一緒に練習したことのある選手、コーチ、誰もが宇野の練習への姿勢や練習量について語る。それらの言葉が物語るのは、文字通りの「努力の人」であったことだ。それはさまざまな面で形となって結実してきた。ジャンプを例にすれば、最初に成功させた4回転フリップを皮切りにトウループ、ループ、サルコウと習得し、フリーで5本組み込むまでに至った。同じジャンプでも、踏み切る前の動作の難易度をあげて進化させてきた。
技術面はむろんのこと、表現面でもシーズンを重ねるごとに深化させた。昨シーズン、そして今シーズン氷上で披露したプログラムはかつてない高みへと達していた。理想とする演技を日々弛みなく追い求めてきた。自らの価値観のもとに真摯に取り組んできた。
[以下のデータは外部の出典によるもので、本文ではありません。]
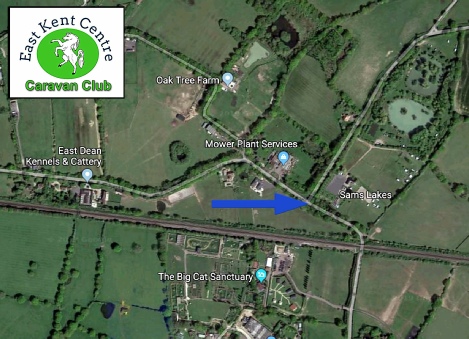 Take A2 to Dover. At Connaught Barracks roundabout take first exit onto A258 Deal Road. Continue on this road through Ringwould and Walmer. Turn left on B2056 Cornwall Road. Continue under the railway bridge going into Hamilton Road and follow s-bends into Manor Road. Go straight over mini-roundabout onto London Road. Take second left onto Mongeham Road. The road starts to narrow but there are passing places. Follow the road to a left hand turn into Mantles Hill. Site on left (sign posted Caravan and Camping Clubsite and Solley’s Ice Cream). Follow EKC signs

その成果があった。
「彼はよくやった、と僕は思います」
会見中、宇野は言った。
「この日まで、フィギュアスケートに全力で毎日取り組んできた自分をすごくほめたいなと思います」
あるいは自身を客観視して語った。
「すごい彼はよくやったな、と僕は思います」
てらいなく言い切ることができたのも、それを聞く人々がそのまま受け取れたのも、まさに全力の日々を長年積み重ねてきたからにほかならない。成績をはじめ、明確に全力の日々を氷上に示してきたからこそである。
全日本選手権最後の出場となった2023年にも優勝していることは、トップスケーターであり続けたことを示している。その中で引退を選んだのもまた、全力を尽くす日々を続けてきて、「やりきった」からにほかならない。
宇野は、ここまで成績を残すに至った理由について「僕はほんとうに周りの方々に、出会う人たちに恵まれたなって思っています」と答えている。「恵まれた」というのはたしかにそうだろう。サポートする人々は皆、宇野に対して愛情を持ち、常に全力であったからだ。
一方で、彼らが全力であったのは、宇野の真摯な姿勢に惹かれたからであったこと、そして宇野が彼らに敬意を払い、大切に思い続けてきたからこそであるのもまた、共通していた。「恵まれた」と感じる人々を周囲に引き寄せたのは、宇野本人にほかならない。